В конце разговора он попросил Павла Ивановича передать в Москву просьбу летчиков ускорить

присылку самолетов.

— Поверь мне, и там, в Москве, и мы тут делаем все, что в наших силах, чтобы вам не сидеть на земле,

— произнес Берзин.

В эти дни вилла Фринка-де-лос-Льянос на окраине Альбасете, принадлежавшая какому-то сбежавшему

маркизу, каждый день принимала необычных гостей. Здесь теперь находился штаб советских летчиков-

добровольцев.

На дороге, ведущей к вилле, машина, в которой вместе с Дугласом ехали начальник штаба Федосеев, комиссар Гальцев, Пумпур, затормозила, и шофер крикнул:

— Русос, пилотос...

— Вива! — радостно провозгласил часовой, подняв руку в республиканском приветствии. Машина

тронулась дальше.

Летчики переглянулись. Вот так проверка! Дуглас попросил остановиться. Все вышли из машины и

направились к часовому. Тот все еще продолжал улыбаться. Дуглас протянул ему свои документы.

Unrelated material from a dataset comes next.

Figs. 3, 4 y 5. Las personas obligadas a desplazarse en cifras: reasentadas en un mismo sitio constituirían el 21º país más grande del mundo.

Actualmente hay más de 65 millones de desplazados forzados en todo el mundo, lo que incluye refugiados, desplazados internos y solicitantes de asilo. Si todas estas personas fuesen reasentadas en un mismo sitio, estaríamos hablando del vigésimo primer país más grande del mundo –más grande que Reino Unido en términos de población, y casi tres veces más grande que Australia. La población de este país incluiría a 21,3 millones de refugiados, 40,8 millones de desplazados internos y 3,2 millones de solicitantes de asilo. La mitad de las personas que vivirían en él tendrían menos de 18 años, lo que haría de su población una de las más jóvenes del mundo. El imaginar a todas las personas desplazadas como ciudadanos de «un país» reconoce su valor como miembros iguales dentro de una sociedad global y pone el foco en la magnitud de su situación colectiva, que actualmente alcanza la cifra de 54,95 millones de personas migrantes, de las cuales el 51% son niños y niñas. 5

— Си... Си... Русос пилотос... Вива! — часовой и не думал даже разглядывать бумаги. Подумаешь, печати! Тут русские камарады, и это в тысячу раз вернее всяких печатей. Русских он узнает сразу, а

печати ему не нужны. Такое дружеское расположение к нашим людям, конечно, было приятно, но ведь

шла война...

— Камарадо... Герра... — собрав весь свой скудный запас испанских слов, летчики пытались втолковать

часовому, что сейчас нельзя верить только [58] словам, что война — вещь серьезная. Без всякого

энтузиазма и перестав улыбаться, тот наконец согласился просмотреть их бумаги, и машина покатила

вперед.

На стенах просторного зала висели рога оленей, кабаньи головы, на полу лежали шкуры медведей.

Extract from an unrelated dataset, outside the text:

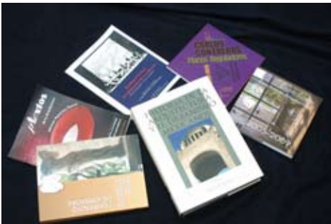
Publicaciones de la Facultad de Arquitectura
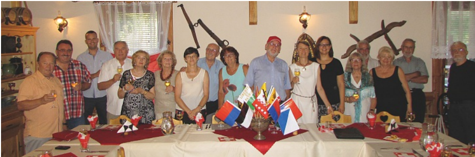
1. August-Feier in Podkylava/Region Myjava

«Неплохим охотником, видно, был маркиз», — подумал Дуглас, оглядывая эту своеобразную коллекцию, которой хозяин, верно, очень гордился, потому что разместил ее в первом зале, чтобы сразу ошеломить

ею гостей.

«Ему здорово везло», — Дуглас вздохнул. Потянуло к себе, в дремучие белорусские леса. Посидеть у

костра, побродить по охотничьим тропам, выслеживая сторожкого зверя. Где-то в глубине дома запели.

Дуглас прислушался. Подхватив знакомый мотив, он пошел туда, откуда неслась песня.

За роялем сидел светловолосый парень, а вокруг него еще несколько человек. Судя по всему, это были

только что прибывшие летчики.

— Здравствуйте, товарищи, — сказал входя Дуглас. — Ждали вас. Приехали вы как нельзя кстати.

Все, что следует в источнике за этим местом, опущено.